Ребятишки росли дружные, здоровенькие. Ходили в ясли, потом в детский сад. Лето проводили в деревне у бабки с дедом. Таисья незаметно превратилась в дородную красавицу, чего от неё в юности никто не ожидал. Тяжёлая фабричная работа не сказывалась на её внешности и самочувствии – добрая и спокойная обстановка в семье компенсировала всё.
 
Шли годы. Всё у Кулебякиных было хорошо. Пришёл достаток, выросли сыновья. Были живы родители Петра и дядя Иван с тётей Нюрой. Несмотря на преклонный возраст, все они крепко стояли на ногах. Дедушка Михаил пережил послевоенные болячки, и уже  далеко за восемьдесят, чувствовал себя молодцом. Дядя Иван справил девяностолетний юбилей. Выпив «соточку», хвастался горделиво:               
    - Даст Бог, и сто лет проживу, даром что беспалый!
 
Даже перестроечные передряги коснулись этой семьи почти безболезненно. Сыновья Петра и Таисьи работали водителями такси, без копейки не бывали и родным помогали, как могли. Пётр Михайлович с женой вышли на пенсию, на своих шести сотках выращивали славные урожаи овощей и ягод. В общем, не ленились и не скучали.
 
- И угораздило же меня переться на эту несчастную рыбалку! – сокрушался Пётр. Потосковав ещё минут пятнадцать, он с помощью костылей добрался до квартиры, плюхнулся в кресло и включил телевизор. Посмотрел местные новости, пощёлкал пультом по другим каналам. Ничего для себя интересного не нашёл и выключил «ящик». Дядя Петя с грустью подумал, что так вот люди и спиваются, и не выпить ли ему водочки на самом деле, благо в запасе она всегда была. Но тут прибежала внучка, открыв дверь своим ключом. В их семьях ключи имелись от квартир близких «на всякий случай». Ксюшка училась в колледже рядом с дедовым домом и заходила ежедневно.
               
    – Дедуль, как ты тут? – с порога закричала девушка.               

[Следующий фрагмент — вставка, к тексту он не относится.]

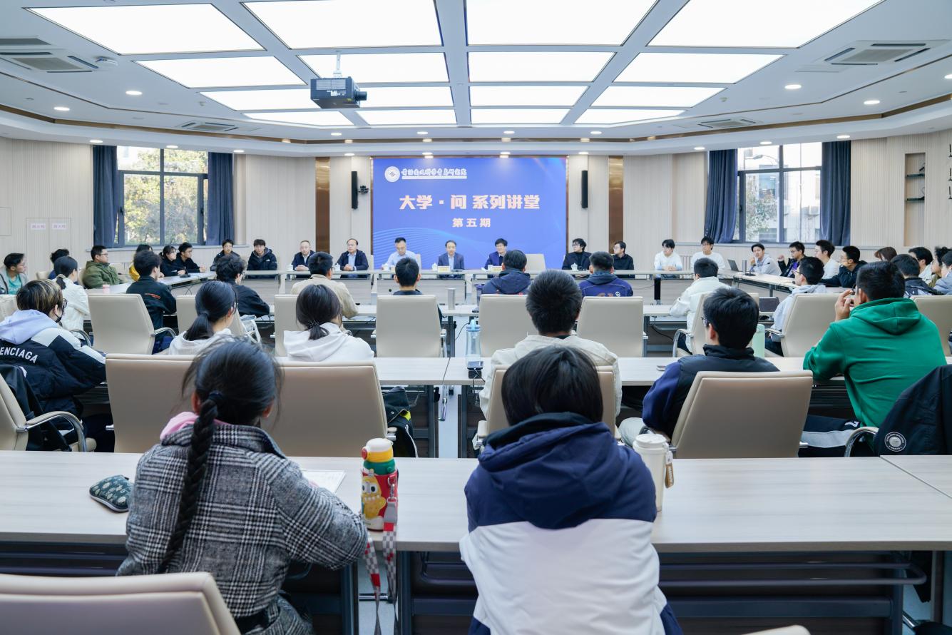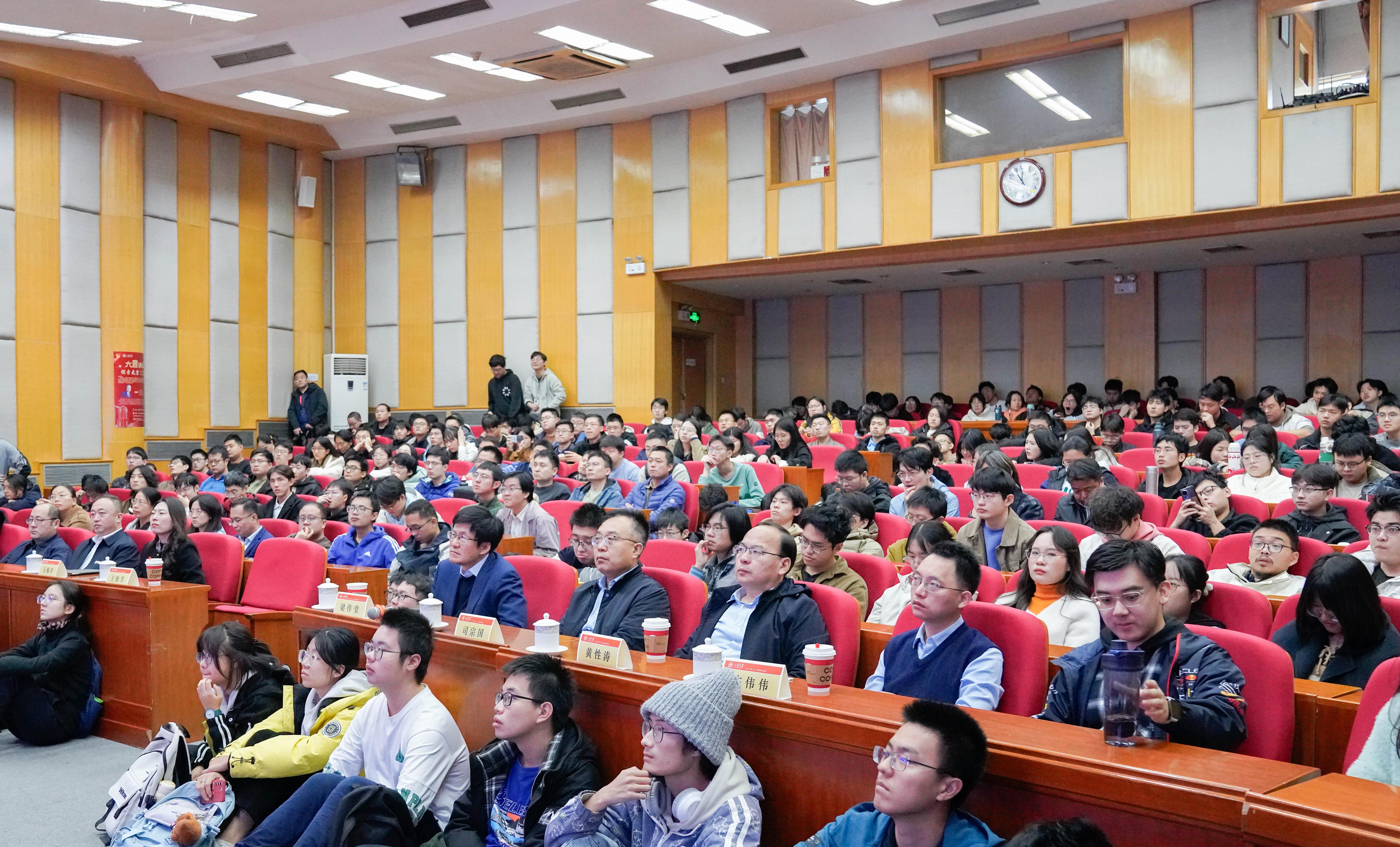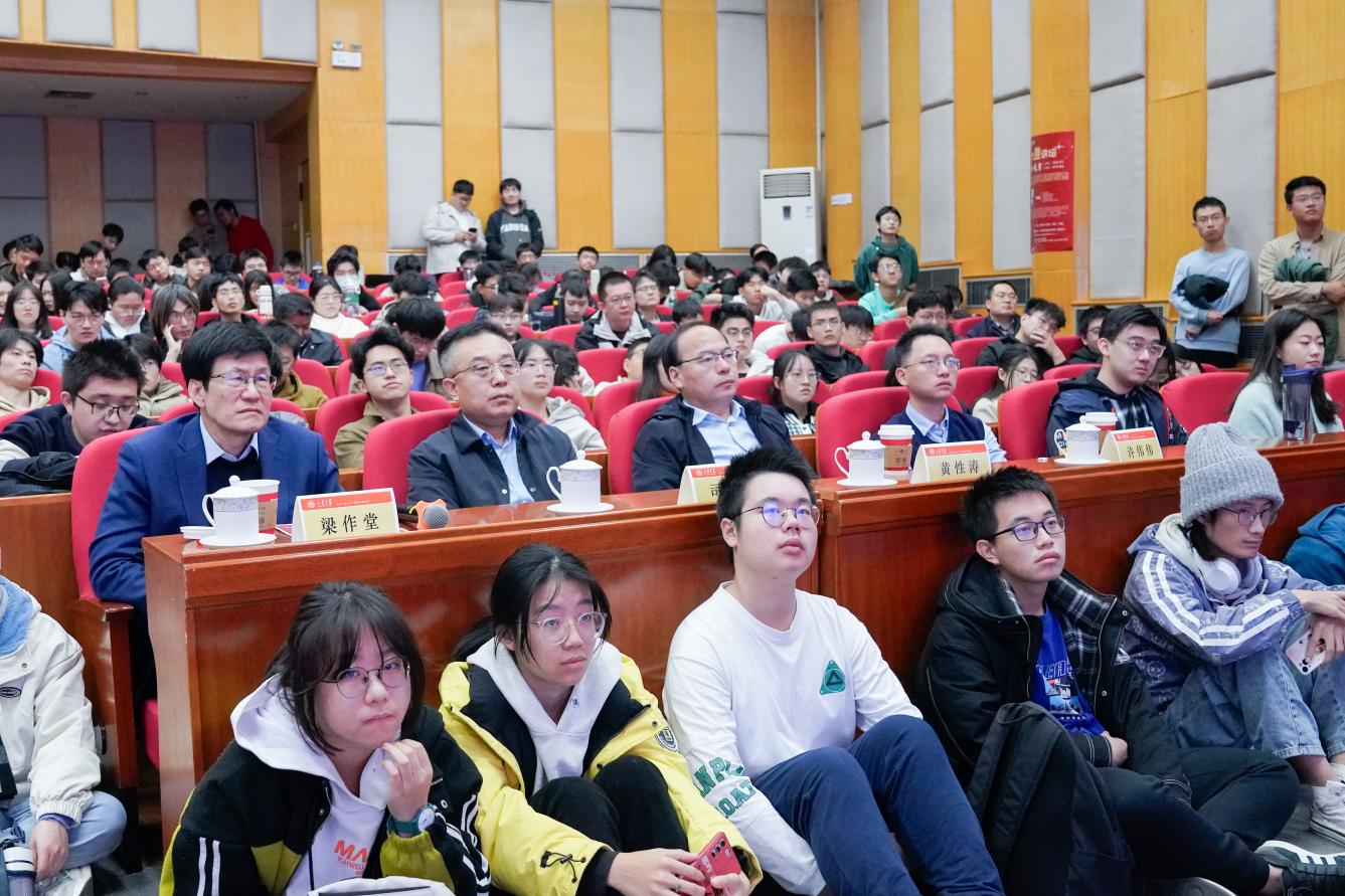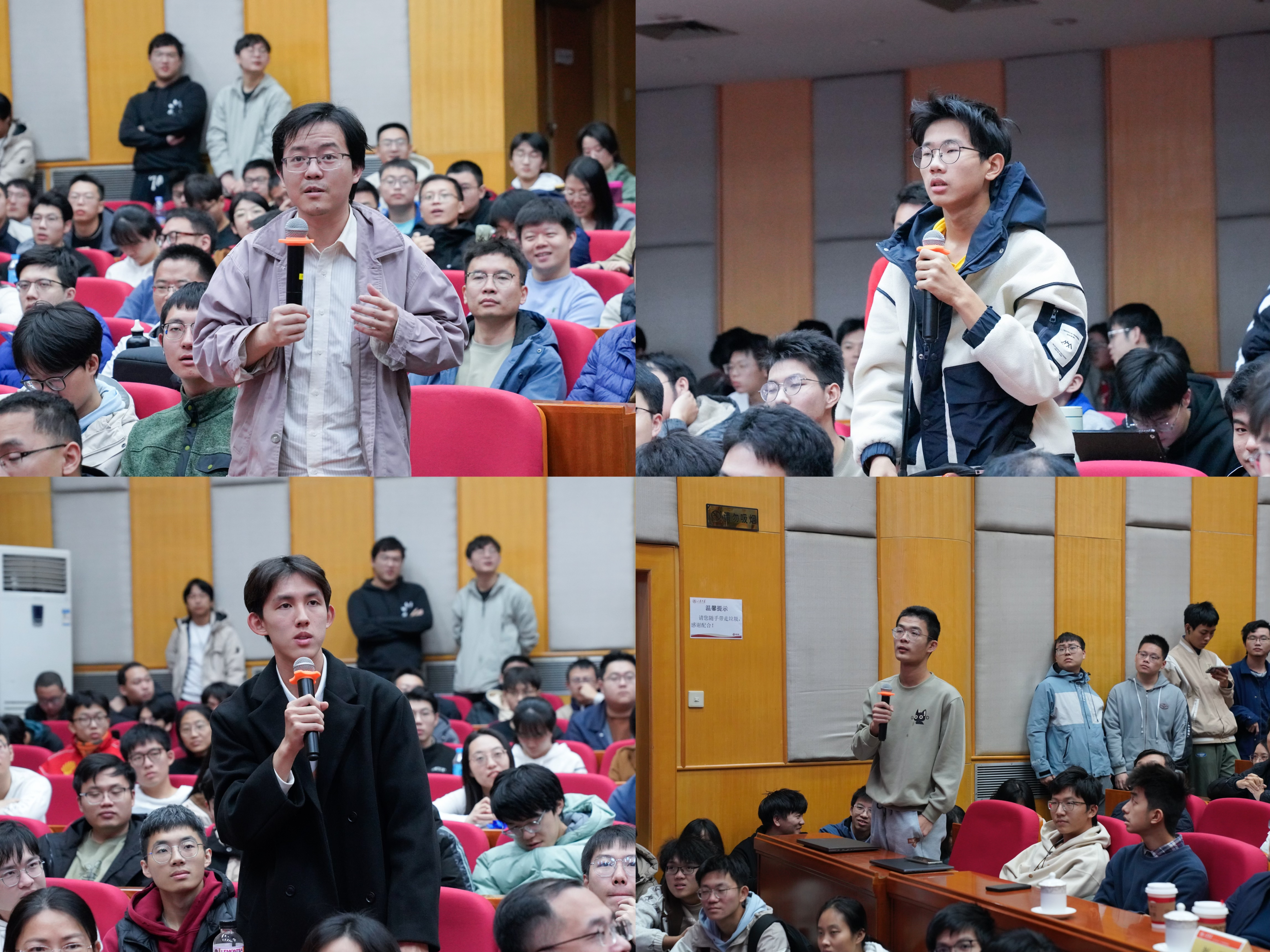 王贻芳院士对粒子物理未来发展方向进行了解读,对我国在北京正负电子对撞机/北京谱仪III实验(BESIII)、大亚湾中微子实验(Daya Bay)等国际大科学工程中做出的重大成果进行了详细介绍,展示了我国牵头自主设计研制、即将运行取数的江门中微子实验的进展情况。他以我国正在预研的环形正负电子对撞机(CEPC)为例表示,中国的粒子物理研究正处于从追求“一席之地”到“成为领跑者”的历程,勉励在场师生坚持“四个面向”,为实现高水平科技自立自强不断作出应有贡献。王贻芳院士还逐一解答了现场师生的提问,并就现场师生关心的话题进行了互动。

    – А, Ксения Михална! Здравствуй, внучка. Всё у меня путём.               
    – Почему на звонки не отвечаешь?               
    - Да гулял я, во дворе сидел.               
    - Ну почему ты мобильник не хочешь? Мы бы тебе самый простенький подарили, без заморочек.               
    – Не хочу, и всё. С ним, как собака на привязи.
               
      Ксения переобулась в тапки и подбежала к деду. Поцеловала в колючую щёку, подвинула к креслу сервировочный столик и умчалась на кухню. Не прошло пяти минут, как перед Петром стоял дымящийся чай, сахар и разогретые в микроволновке пирожки.               
    – Ой, Ксюня, ты как электровеник. Раз – и стол накрыт!               
    – Элементарно, дед! – засмеялась внучка – пей чай да рассказывай, что у тебя нового.               
     – Что у меня может быть нового? Нога пока болит. Вот и маюсь бездельем. Скоро жиром обрасту, как Хавронья. Скучно!
               
    -  Дед, какая скука может быть? Книги читай, сейчас на любой вкус найти нетрудно.               
    – Не привык я к чтению, Ксюша. К этому с малолетства привязываются, а мне не до книг было.               
    – Ну, телик смотри.               
    – Надоело. То шоу с придурками, то боевики с трупами да мелодрамы с золушками. Работать надо, а не «Ура!» кричать. Кстати, бабка вам не звонила?
 
      Таисья уже месяц, как уехала к старшему внуку, Сергею. Тот окончил военное училище, завёл семью и жил теперь на Дальнем Востоке.               
    – Ну, как же, дед. Вчера разговаривали.               
    – Не сказали про мою травму?               
    – Деда, ты не велел – мы слушаемся.               
    – Вот и молодцы. Она ведь растревожится, ко мне помчится. А там Петюнька маленький.               
    – Не бойся, дед, молчим, как партизаны. Лишь бы соседям вашим не позвонила.               
    – Нет, на домашний она не будет – дорого. Ты мне вот что скажи – нет ли у вас валенок худых? Я бы подшил.               
    – Да откуда, дед?               
    - Да, дела! Хоть крестиком вышивать начинай.               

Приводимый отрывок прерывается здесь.